Data Analysis of PDE (Pennsylvania Department of Education) Datasets (2013 - 2022)
Jennifer Kaiser 2023
http://www.jenniferkaiser.tech
https://www.linkedin.com/in/jenniferkaiser-tech
http://www.github.com/jenniferkaiser21
Exploration of Pennsylvania Department of Education Data
https://www.education.pa.gov/DataAndReporting/Pages/default.aspx
- Python
- pandas
- matplotlib
- numpy
- Jupyter Notebook
This project uses data from the Pennsylvania Department of Education to answer some basic questions regarding educators in the commonwealth of PA. After importing the data using read_excel() and initializing the dataframes [cells 2- 3], I examined the contents of the df_13_14 and df_21_22 dataframes using head() [cells 4-7]. I noticed that some of the column titles were different, so I did some analysis to find the intersection of columns [cell 8], and the overall counts of common columns in each dataframe [cell 9]. I found that the "Active/Leave/Other" column data in the df_13_14 was the same as the "Status" column in df_21_22 [cells 10-11]. To ensure the values would be the same in each column, I identified the unique() values in "Active/Leave/Other" column data in the df_13_14 [cell 12], obtained .value_counts() for each [cell 13], and did the same for the "Status" column data in the df_21_22 [cell 14], and the .value_counts() [cell 15].
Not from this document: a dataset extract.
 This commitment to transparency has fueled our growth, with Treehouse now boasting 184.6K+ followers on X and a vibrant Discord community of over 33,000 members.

This led me to the question, what's the difference in frequency between 13/14 data and 21/22 data and the years in education? To explore this further, I first identified the .value_counts() of records in the "YearsInEd" column of df_13_14, sorting by the index (number of years in education) [cell 16], and again for the df_21_22, noting that the column is titled "YearsInED" with a capital "D" [cell 17].
I decided to plot the results using matplotlib. I wanted to compare the bar graphs side by side to see the overall trend of Number of Years in Education vs Number of Educators between 2013-2014 data and 2021-2022 data [cell 18].
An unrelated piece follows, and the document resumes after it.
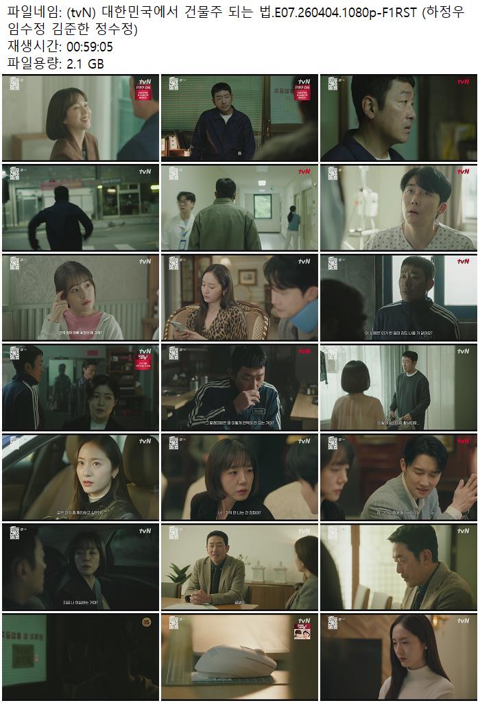 드라마 드라마 (tvN) 대한민국에서 건물주 되는 법.E07.260404.1080p-F1RST (하정.. ceasar1995 2026.04.23 5,785 480 다운로드 추천 480 북마크 공유 다운로드 파일 · 1개 (tvN) 대한민국에서 건물주 되는 법.E07.260404.1080p-F1RST (하정우 임.. FILE 2.1G 다운로드 TAGS #tvN #대한민국에서 #건물주 #되는 #E07

The overall trend is clear, after about 5-8 years in Education, the retention of teachers drops off significantly in more recent years (2021-2022) than it does in earlier years (2013-2014). This shows the correlation between attrition and the National Teacher shortage that every state, including the Commonwealth of Pennsylvania is experiencing as of late.
I then plotted data from both dataframes together in a side-by-side bar graph to show the drastic difference between the two school years (2013-2014 vs 2021-2022) [cell 19].
I would love to dive deeper and find more trends in regards to attrition, particularly focusing on gender, average salary upon attrition, and attempting to determine other factors contributing to attrition. I would also use other datasets besides the 2013-2014 and 2021-2022 school years. Unfortunately, my computer was limited in capacity to load all the data sets at once, which is why certain years are commented out (but can easily be uncommented and rerun to include in analysis).